An exact, complete printout of the listing is wanted, minus its images.

# Recorded data
========================================

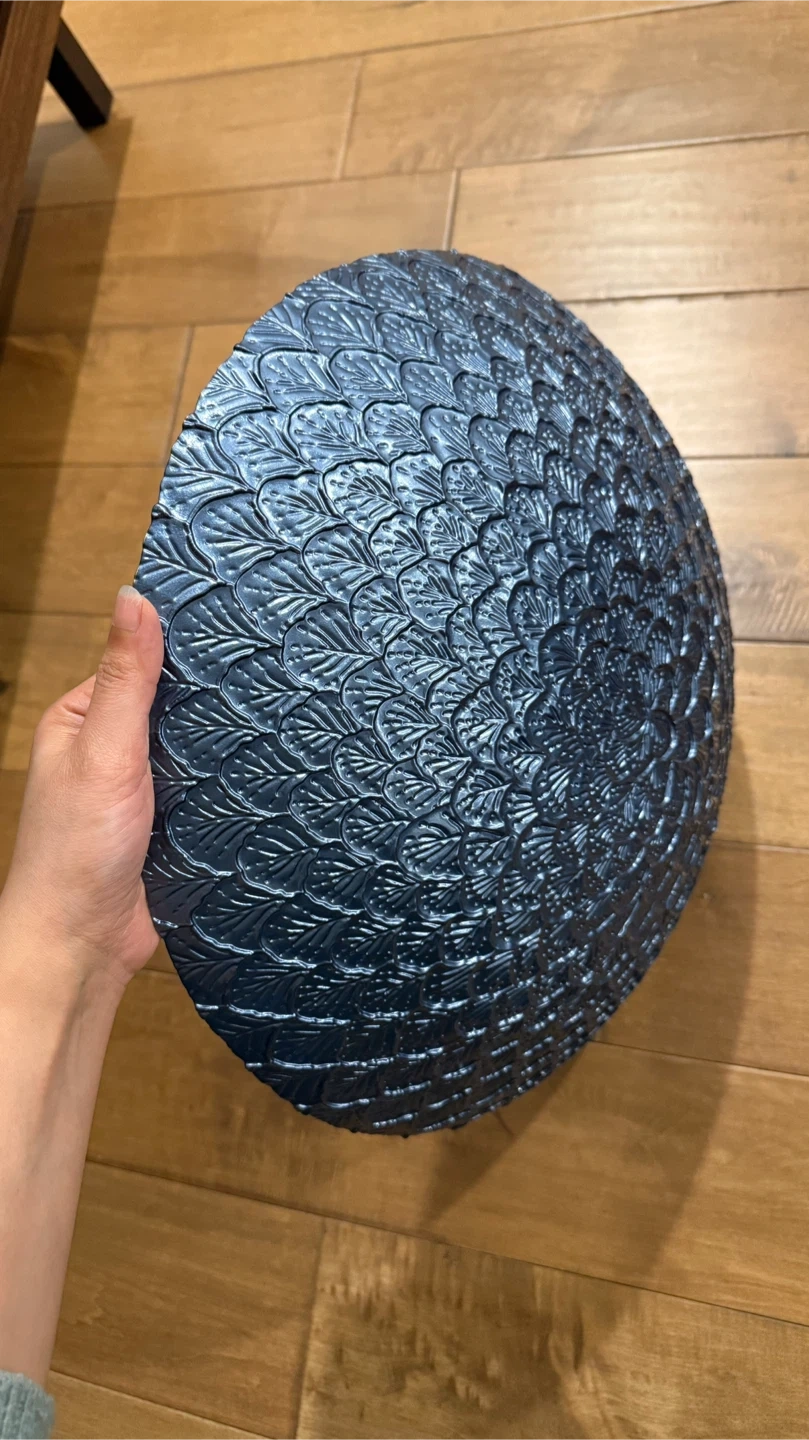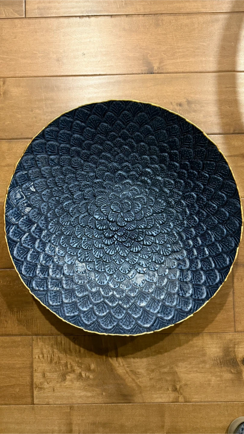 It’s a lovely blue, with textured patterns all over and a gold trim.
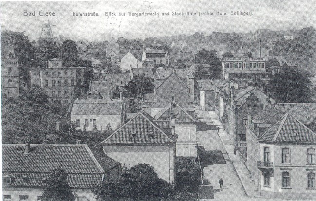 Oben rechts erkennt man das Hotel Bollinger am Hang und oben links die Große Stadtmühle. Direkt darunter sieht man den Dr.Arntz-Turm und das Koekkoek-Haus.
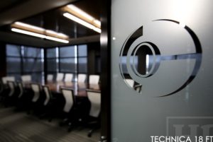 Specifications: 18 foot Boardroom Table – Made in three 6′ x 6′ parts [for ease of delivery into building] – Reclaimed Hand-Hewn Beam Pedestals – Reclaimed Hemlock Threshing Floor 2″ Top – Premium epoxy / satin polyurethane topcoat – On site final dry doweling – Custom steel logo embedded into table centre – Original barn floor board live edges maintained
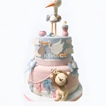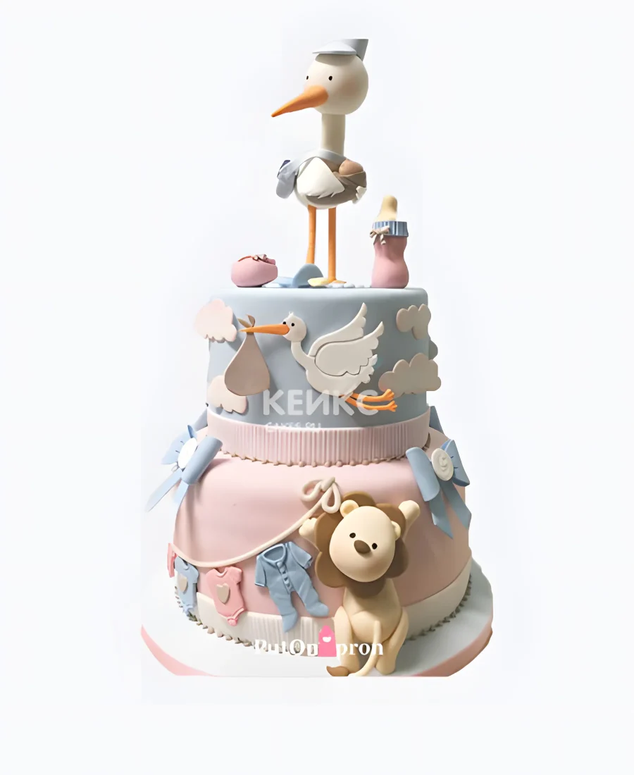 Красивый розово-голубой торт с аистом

========================================

# Solution to the exercise
 It’s a lovely blue, with textured patterns all over and a gold trim.
 Oben rechts erkennt man das Hotel Bollinger am Hang und oben links die Große Stadtmühle. Direkt darunter sieht man den Dr.Arntz-Turm und das Koekkoek-Haus.
 Specifications: 18 foot Boardroom Table – Made in three 6′ x 6′ parts [for ease of delivery into building] – Reclaimed Hand-Hewn Beam Pedestals – Reclaimed Hemlock Threshing Floor 2″ Top – Premium epoxy / satin polyurethane topcoat – On site final dry doweling – Custom steel logo embedded into table centre – Original barn floor board live edges maintained
 Красивый розово-голубой торт с аистом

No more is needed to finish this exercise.